DATASET RECORDS ▸

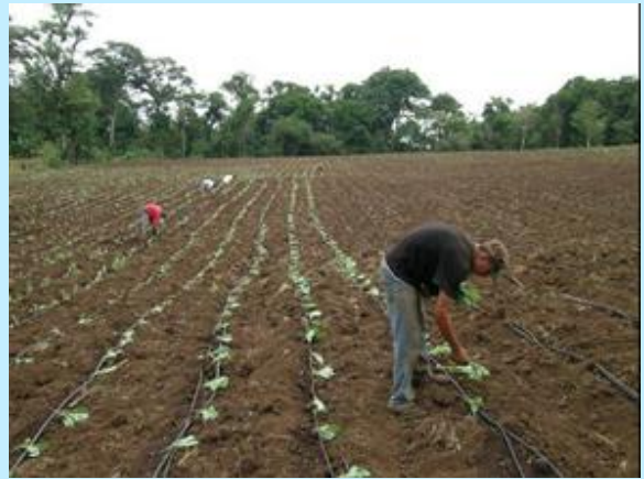
Las infraestructuras de riego instaladas en 2006 resultaron fundamentales para el desarrollo de esta comunidad nicaragüense.

El objetivo de la ONG Ingeniería sin Fronteras ha sido contribuir a reducir la vulnerabilidad ambiental y económica de las familias campesinas de las comunidades de La Concordia, marcada por una cultura extractiva de los recursos hídricos, permitiéndoles reactivar la producción agropecuaria.
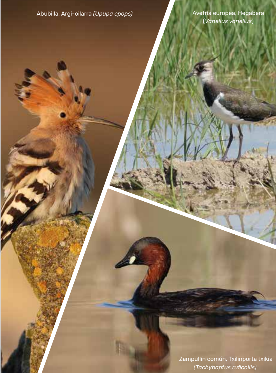
Abubilla, Argi-oilarra (Upupa epops)
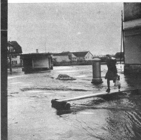
Der vollständig überschwemmte Neuhauptplatz im Liebefeld. Das «Fadenspüli», die Omnibushaltestelle, ragt hinaus aus den Fluten
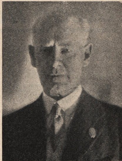
John Galsworthy, znakomity powieściopisarz angielski, (nagroda Nobla) zmarł w tych dniach.

Poza świetnymi przekładami kilku dzieł Nietzschego, długoletnia praca pisarska Berenta zamyka się w pięciu zaledwie powieściach: „Fachowiec” — „Próchno” — „Ozimina” — „Żywe kamienie” i obecnie „Wywłaszczenie muz”
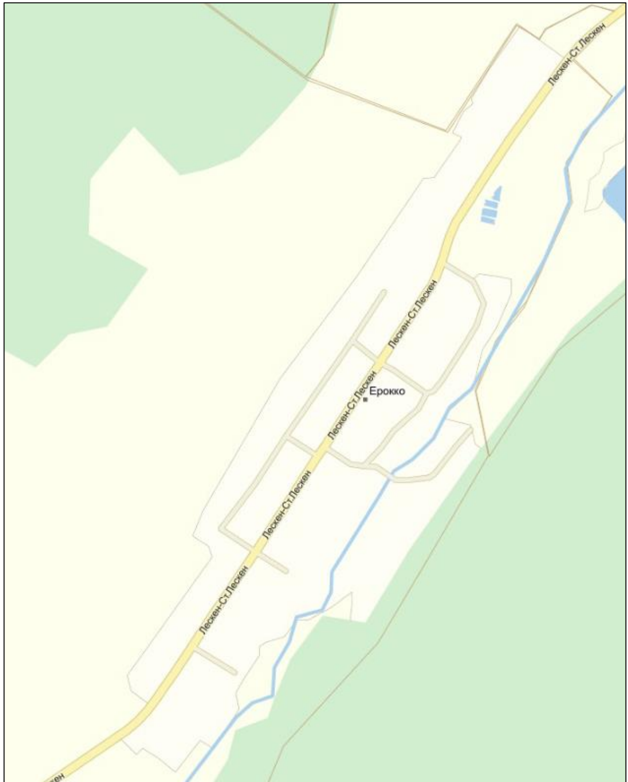
Схема расположения Сельского поселения Ерокко
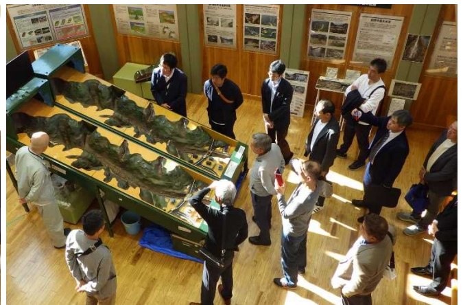
土石流擁壁実験の様子
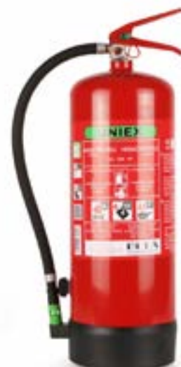
UNIEX Pěnový hasicí přístroj F9 BETA WLi - 9L
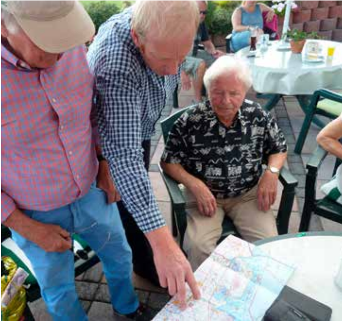
Vor dem Abflug: Festlegung der Flugroute einmal Nordsee und zurück
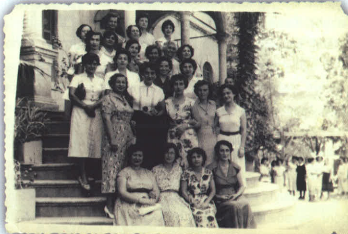
1956 ders yılı Adana Kız Lisesi Öğretmenleri

Oysa 30'lu, 40'lı, 50'li yıllarda ülkemizde henüz her ilde dahi lise eğitiminin verilemediği ortamda Türkiye'nin dört bir tarafından paralı veya parasız pekçok öğrencinin geldiği bu seçkin okul; şu an çok iyi mevkilerde bulunan pekçok öğrenci mezun etmesiyle tanınıyor. Parlamentoda uzun dönem bakanlık yapmış olan sayın İmren Aykut da Adana Kız Lisesi'nin ünlü mezunlarından biri.

WORK TO COMPLETE ▸ Set down the records precisely as they appear. Any picture stays out.

FINAL ANSWER ▸
Las infraestructuras de riego instaladas en 2006 resultaron fundamentales para el desarrollo de esta comunidad nicaragüense.

El objetivo de la ONG Ingeniería sin Fronteras ha sido contribuir a reducir la vulnerabilidad ambiental y económica de las familias campesinas de las comunidades de La Concordia, marcada por una cultura extractiva de los recursos hídricos, permitiéndoles reactivar la producción agropecuaria.
Abubilla, Argi-oilarra (Upupa epops)
Der vollständig überschwemmte Neuhauptplatz im Liebefeld. Das «Fadenspüli», die Omnibushaltestelle, ragt hinaus aus den Fluten
John Galsworthy, znakomity powieściopisarz angielski, (nagroda Nobla) zmarł w tych dniach.

Poza świetnymi przekładami kilku dzieł Nietzschego, długoletnia praca pisarska Berenta zamyka się w pięciu zaledwie powieściach: „Fachowiec” — „Próchno” — „Ozimina” — „Żywe kamienie” i obecnie „Wywłaszczenie muz”
Схема расположения Сельского поселения Ерокко
土石流擁壁実験の様子
UNIEX Pěnový hasicí přístroj F9 BETA WLi - 9L
Vor dem Abflug: Festlegung der Flugroute einmal Nordsee und zurück
1956 ders yılı Adana Kız Lisesi Öğretmenleri

Oysa 30'lu, 40'lı, 50'li yıllarda ülkemizde henüz her ilde dahi lise eğitiminin verilemediği ortamda Türkiye'nin dört bir tarafından paralı veya parasız pekçok öğrencinin geldiği bu seçkin okul; şu an çok iyi mevkilerde bulunan pekçok öğrenci mezun etmesiyle tanınıyor. Parlamentoda uzun dönem bakanlık yapmış olan sayın İmren Aykut da Adana Kız Lisesi'nin ünlü mezunlarından biri.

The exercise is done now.